SNA has been demonstrated to be a good supplemental tool in the investigation of contact tracing. Compared to the traditional process of reviewing contact records one by one, SNA provides healthcare workers with a more efficient method of integrating and visualizing the relevant records in a contact network to discern potential linkages among patients, thus revealing disease pathways. Network measures, especially centrality measures, enable investigators to examine the context of transmission and develop effective intervention programs by identifying important individuals who may cause or exacerbate an outbreak. In addition, some studies have used SNA to study the transmission of disease dynamics, demonstrating that the structure of a contact network is a more accurate indicator of epidemic phases than the traditional secular trend data.

Incorporating geographical contact information in SNA allows disease investigators to analyze infectious diseases other than STDs. While personal contact provides direct evidence for the causality of infection, geographical contact captures the factors of human aggregation in disease transmission and provides potential leads to indirect or casual infection. In our case study, the role of a type of contact in disease transmission can be potentially identified by its ability to join patients together. Including geographical locations can significantly aid in establishing linkages among patients. Because these locations can play an important role in facilitating the transfer of pathogens, they require the attention of epidemiologists and other investigators of infectious disease.

6 Acknowledgements

This work is supported by the National Science Foundation Information Technology Research Program, ITR, through Grant # IIS-0428241.

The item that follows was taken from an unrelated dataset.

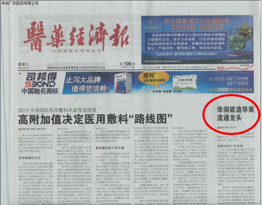 2012年9月9日,華潤醫(yī)藥商業(yè)集團(tuán)、廣東中健醫(yī)藥有限公司合作成功暨華潤廣東醫(yī)藥有限公司成立揭牌慶典在廣州萬達(dá)希爾頓隆重舉行。本次活動受到了華潤集團(tuán)的重視和廣東省政府的關(guān)注與支持,廣東衛(wèi)視、中國醫(yī)藥報(bào)、醫(yī)藥經(jīng)濟(jì)報(bào)、南方日報(bào)、廣州日報(bào)、羊城晚報(bào)等知名媒體前來慶賀并報(bào)道了本次慶典。
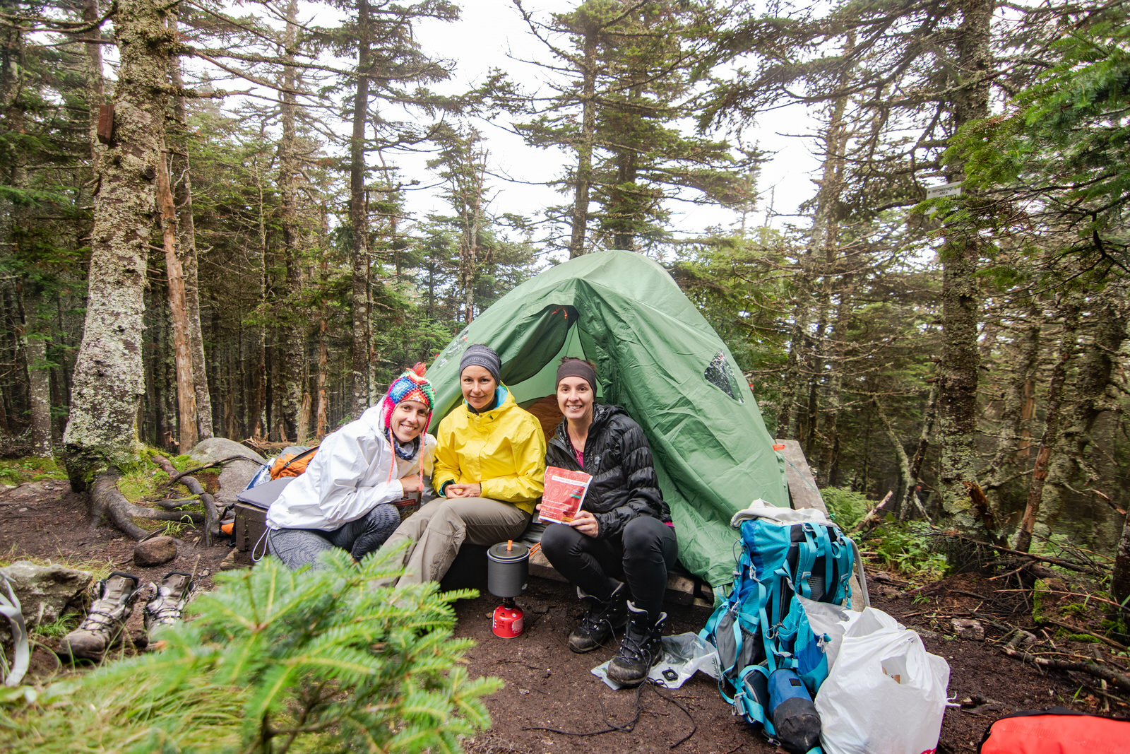 Il a plu encore toute la nuit jusqu’au matin. Je ne cacherais pas que nous sommes un peu maussades et légèrement tristes de ne pas avoir pu apercevoir la vue depuis la crête. La température ne semble pas vouloir changer. Combien de temps restons-nous dans cette humidité aujourd’hui? Restons-nous une nuit supplémentaire? Nous prenons la décision de ramasser notre camp et de retourner à Montréal aujourd’hui au lieu de demain. Nous avons testé notre capacité à faire du camping sous la pluie et ce fut une expérience enrichissante à nous débrouiller en montagne sous la pluie!

7 Questions for Discussion

  1. 1.

    Contact tracing is an important control measure in the fight against an infectious disease. If you want to use contract tracing to control a developing outbreak, what kinds of data will you collect during the interview with confirmed patients? Discuss the question from two perspectives: disease control and outbreak analysis.

  2. 2.

    A contact network depicts the potential pathways of disease propagation among patients. Discuss the strengths and weaknesses of a contact network in outbreak investigations.

  3. 3.

    Assume that you have a set of STD contact tracing data. It includes patients’ sexual contacts, patronized bars and motels, and demographic information, such as patients’ residency, gender, age, occupation, and income level. Discuss the kinds of analysis that can potentially be performed with this dataset and list your steps to investigate them using SNA.

  4. 4.

    Geographical contact information provides additional insights but can also create some problems when you include it in your disease analysis. Discuss the downsides of including geographical contacts in disease analysis and ways to reduce or eliminate them.